Este es un asunto que siempre me ha parecido interesante. Como saben ustedes, el dirigente de la Ezquerra catalana es hijo de un guardia civil aragonés. Si uno pudiera conseguir que un político como él dijese la verdad, me gustaría preguntarle qué sintió al sentarse frente al hombre que transmitió la orden de poner un coche bomba que asesinó a cinco niños, todos ellos hijos de guardias civiles, probablemente aragoneses, como su propio padre. Qué subidón de adrenalina y qué abismo para la conciencia. Qué tajo para un congreso de psicoanalistas.

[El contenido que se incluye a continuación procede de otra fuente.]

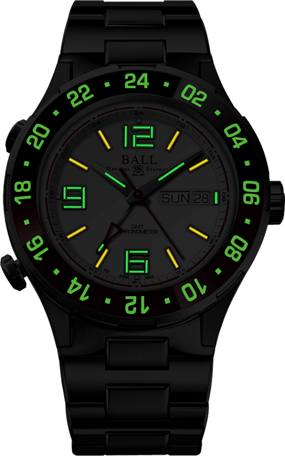 Funkce:Čas, datum, den v týdnu, GMT - druhé světové pásmo, obousměrně otočná keramická luminisceční luneta (číslice/indexy na lunetě v noci svítí - SuperLuminova), strojek Ball calibre RR1203 - C (základ swiss Eta 2824) - rezerva chodu 38 hodin, automatický nátah (pohybem ruky) + ruční nátah (hodinky lze natáhnout i mechanicky - ručně), 28.800 polokmitů setrvačky za hodinu, COSC certifikát přesnosti strojku - přesnost chodu 0 - 3 vteřiny/den, 25 kamenových uložení, šroubovací vodotěsná korunka, odolnost vůči magnetickému poli 4 800 A/m (takto označené hodinky už se označují jako antimagnetické, odolávají běžnému magnetickému poli), odolnost nárazu 5 000 Gs = možný pád hodinek až z jednoho metru bez poškození strojku (hodinky jsou tímto zároveň odolné podobným nárazům identické síly), články náramku jsou spojovány šroubky (velmi kvalitní spojení), zadní víčko pouzdra hodinek je prosklené pro náhled na strojek. V číselníku jsou indexy a ručičky plněny mikroampulkami se svítícím plynem, který má schopnost svítit nonstop 25 let. Díky tomu uvidíte kdykoliv a kdekoliv ve tmě, jaký je správný čas
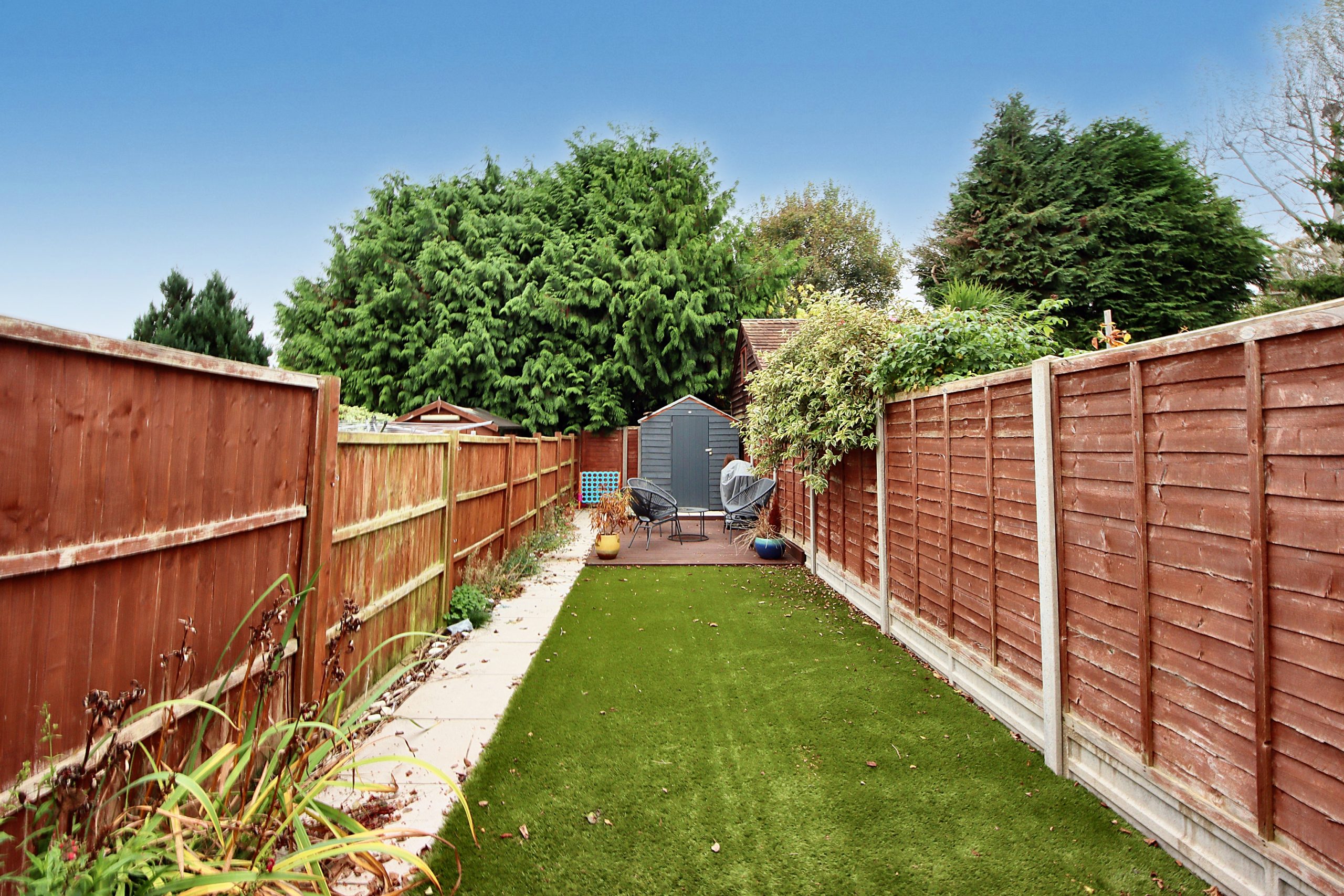 To the rear, the north-westerly facing garden extends seamlessly from the house, centred around a well-maintained artificial lawn - perfect for relaxation or entertaining.

Comieron paella, según cuenta Florencio. Ningún plato racial, a pesar de estar en Perpinán: escudella i carn d’olla, mongetes amb butifarra, pongamos por caso. Dado que el restaurante lo escogieron los terroristas vascos, por razones de seguridad, qué menos que una taberna vasca en la que poder degustar zurrukutuna o porrusalda, bacalao o merluza koshkera. Nada. Paella. Imaginarse a ese trío dando cuenta de un arroz con mariscos es la vía más rápida, salvando las distancias, para entender lo que quiso decir Hannah Arendt al describir al hombre que diseñó la operación final para exterminar a los judíos bajo el nazismo. Vio a Eichmann en su celda acristalada, le oyó expresarse como un contable y escribió “La banalidad del mal”.

Ternera tiene alma de cocinero. Es una de esas vocaciones desencontradas, que llevan ocasionalmente a un juez a querer ser cantante de boleros. No descartemos la posibilidad que haya algún notario que quiera triunfar escribiendo relatos pornográficos o ser campeón de “Mira quién baila”.

Un terrorista que quiere ser cocinero. No hay nada de malo en ello. La profesión de cocinero goza de mucho prestigio social en Euskadi. También en Cataluña, dos realidades nacionales de la España plural y diversa. Antza tiene veleidades de escritor, pero Ternera no parece llamado a dejar obra escrita en materia de pensamiento: lo único que ha salido de su alma y de su pluma, en sus cincuenta y cinco años de vida, es un recetario de cocina que escribió en la cárcel de Muret, con un título denotativo: Giltzapeko Sukaldaritza o, lo que es lo mismo “Cocina entre barrotes”.

Alberti, un poeta español del siglo XX, veía con más prevención el tema. En uno de sus poemas surrealistas que a mí más me gusta, “En el día de mi muerte a mano armada”, escribía:

Decidme de una vez si no fue alegre todo aquello.
Cinco por cinco no eran todavía veinticinco
Ni el alba había sospechado la negra existencia de los malos cuchillos.
Yo te juro a la luna no ser cocinero
Tú me juras a la luna no ser cocinera
El nos jura a la luna no ser siquiera el humo
de tan tristísima cocina.

Así está el tema. Aunque los terroristas viven en su permanente contradicción argumental de haber declarado una tregua permanente y hagan comunicados para hacernos saber que están dispuestos a alargarla. No es extraño. Un personaje de juegos infantiles incurre en parecida contradicción con un grito que habréis oído a vuestros hijos: “¡Hasta el infinito y más allá!”

Ahora todo es así. El presidente del Gobierno, que es el primer presidente no gubernamental de la Historia de España, se embarcó en la negociación con los terroristas después de asesorarse bien sobre quiénes habían de ser sus interlocutores. Lo cuenta en la introducción de este magnífico libro su magnífico autor. Rodríguez Zapatero hizo una pregunta necesaria: “Este Otegi y Ternera, ¿cómo son?”.

Lo que pasa, no se puede acertar en todo, es que en lugar de hacérsela a Florencio Domínguez, se la formuló, -¡Dios mío!- al lehendakari Ibarretxe. Sólo falta que se haga asesorar por Madrazo en los aspectos prácticos de la negociación y por Joseba Azkarraga en sus aspectos jurídicos.

El proceso de paz está servido. Florencio Domínguez tiene la palabra.